Tips Aman Membuat Perjanjian Kawin ala Notaris dan Hakim Agung

Putusan Mahkamah Konstitusi otomatis sudah berlaku tanpa tergantung pada petunjuk teknis. Para pelaku perkawinan bisa mengajukan permohonan penetapan ke pengadilan.

Oleh:
NORMAN EDWIN ELNIZAR
Bacaan 2 Menit
Seminar tentang perjanjian kawin dan tugas notaris yang dilaksanakan Ikanot Undip di Jakarta, Sabtu (13/5). Foto: EDWIN
Seminar tentang perjanjian kawin dan tugas notaris yang dilaksanakan Ikanot Undip di Jakarta, Sabtu (13/5). Foto: EDWIN
Putusan Mahkamah Konstitusi No. 69/PUU-XII/2015 yang memperluas ketentuan tentang perjanjian perkawinan dalam UU No. 1 Tahun 1974 tentang Perkawinan tampaknya masih sulit dijalankan. Setidaknya, kondisi itu mengemuka dalam seminar nasional yang dilaksanakan Ikatan Alumni Kenotariatan (Ikanot) Universitas Diponegoro Semarang, di Jakarta (Sabtu (13/5).

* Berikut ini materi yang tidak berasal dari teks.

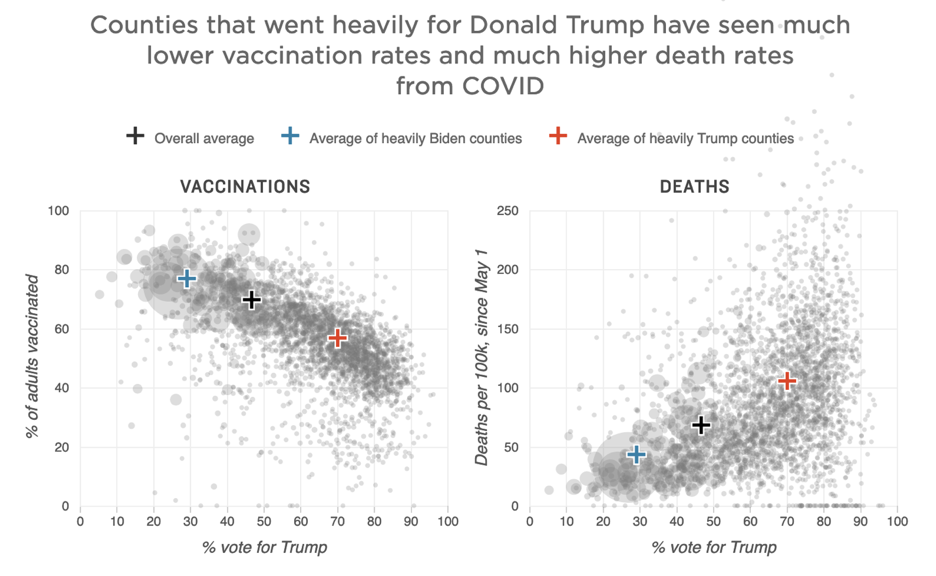 It’s interesting that a new analysis by NPR suggests that Republicans are probably dying at a higher rate as a result of their much lower vaccination rate. A nationwide comparison of 2020 presidential election results and COVID-19 death rates since vaccines became available for all adults, found that counties that voted heavily for Trump had nearly three times the COVID-19 mortality rate of those that went for Joe Biden. Those counties also had far lower vaccination rates.
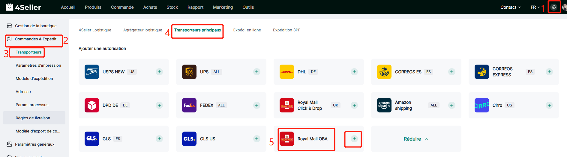 Étape 1 : Paramètres → Commandes & Livraison → Transporteurs→Transporteurs Principaux → Royal Mail OBA
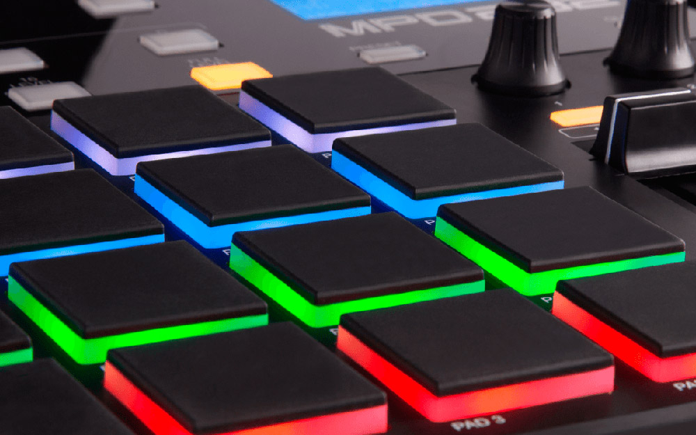 16 pads épais, rétro-éclairés RGB de type MPC sensibles à la vélocité et à l’Aftertouch.
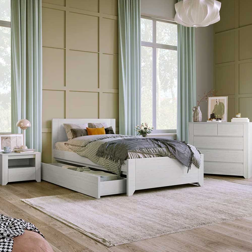 Our Twin Bed Set with Wood Nightstand and Chest. This bedroom set features a twin-size bed, nightstand, and chest, all made of MDF with an off-white finish that adds a touch of elegance and charm to your space. Moreover, this bed has a headboard, footboard, and side rails that provide stability and comfort, ensuring that you sleep well every night. Additionally, this bedroom set comes with a nightstand and chest that have two drawers each for storage and organization.
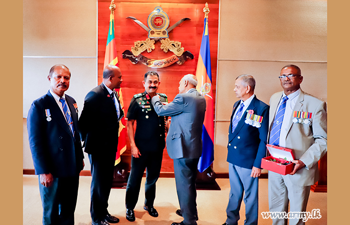 Ex-Servicemen Pin Poppy Flower on Army Chief
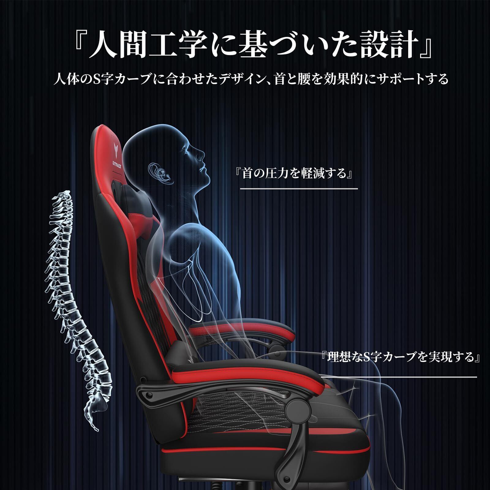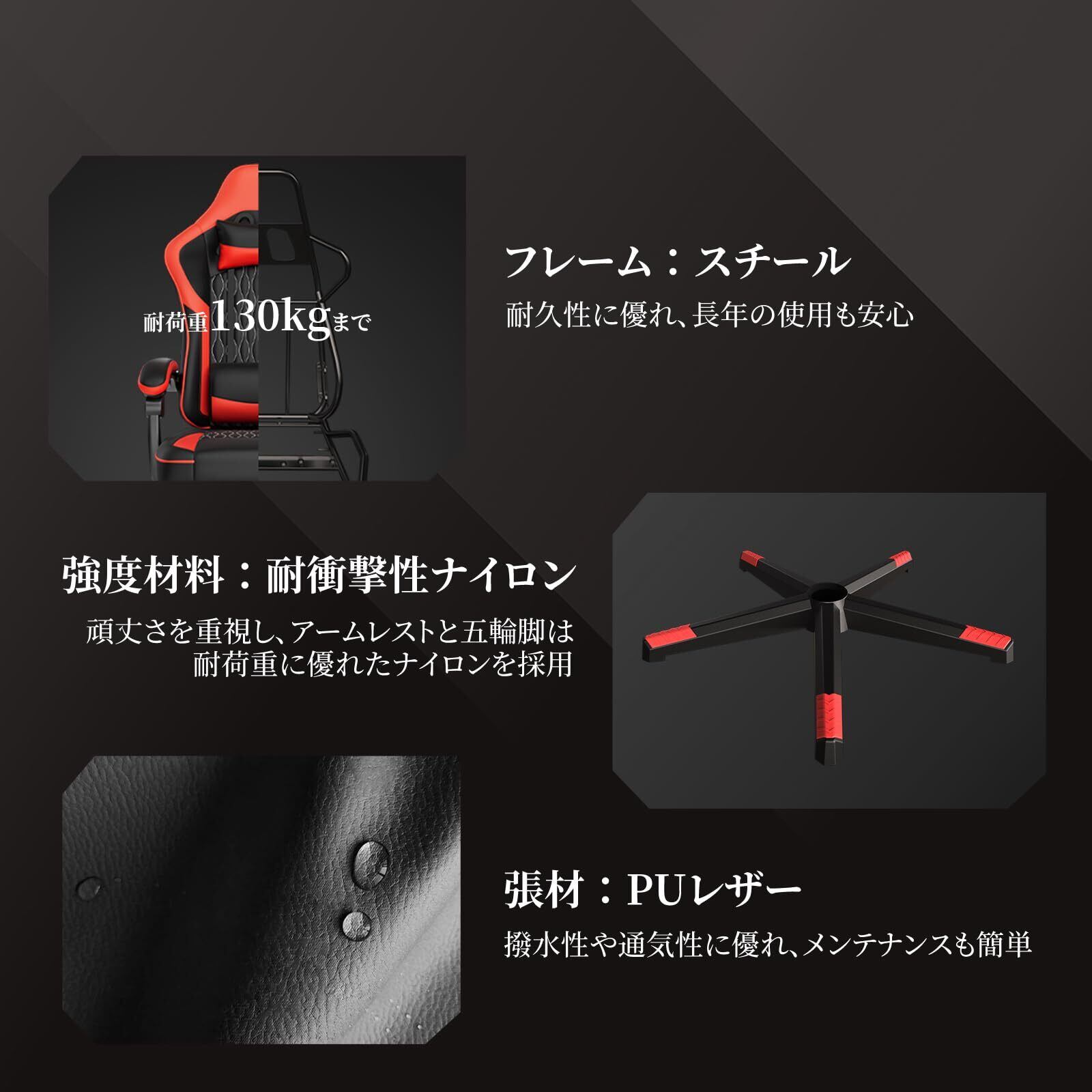 「人間工学設計&高品質素材を厳選」 ゲーミングチェアはS字形の人間工学構造設計を採用しており、首や腰のサポートを重点的に考慮しています。この設計により、体の自然なカーブに沿ったサポートを提供し、長時間座っていても快適さを実感できます。さらに、座面の形状や角度が適切に設計されており、姿勢をサポートし、腰への負担を軽減します。当社のゲーミングチェアは、高品質スポンジと通気性の良いレザー素材を使用しています。高品質スポンジは体にフィットし、長時間座っていても形状を保ちます。また、通気性の良いレザー素材は、暑い季節でも蒸れにくく、快適な座り心地を提供します。素材の品質にこだわることで、耐久性や快適性を追求しています。

Bahkan, sepenetahuan Dirjen Administrasi Kependudukan dan Catatan Sipil, Zudan Arif Fakhrulloh, belum ada satu pun pencatatan perjanjian kawin di Kantor Catatan Sipil beberapa bulan setelah putusan Mahkamah Konstitusi itu keluar. Para petugas Kantor Catatan Sipil dan Kantor Urusan Agama masih menunggu petunjuk teknis pendaftaran atau pencatatan perjanjian kawin yang sesuai putusan Mahkamah Konstitusi.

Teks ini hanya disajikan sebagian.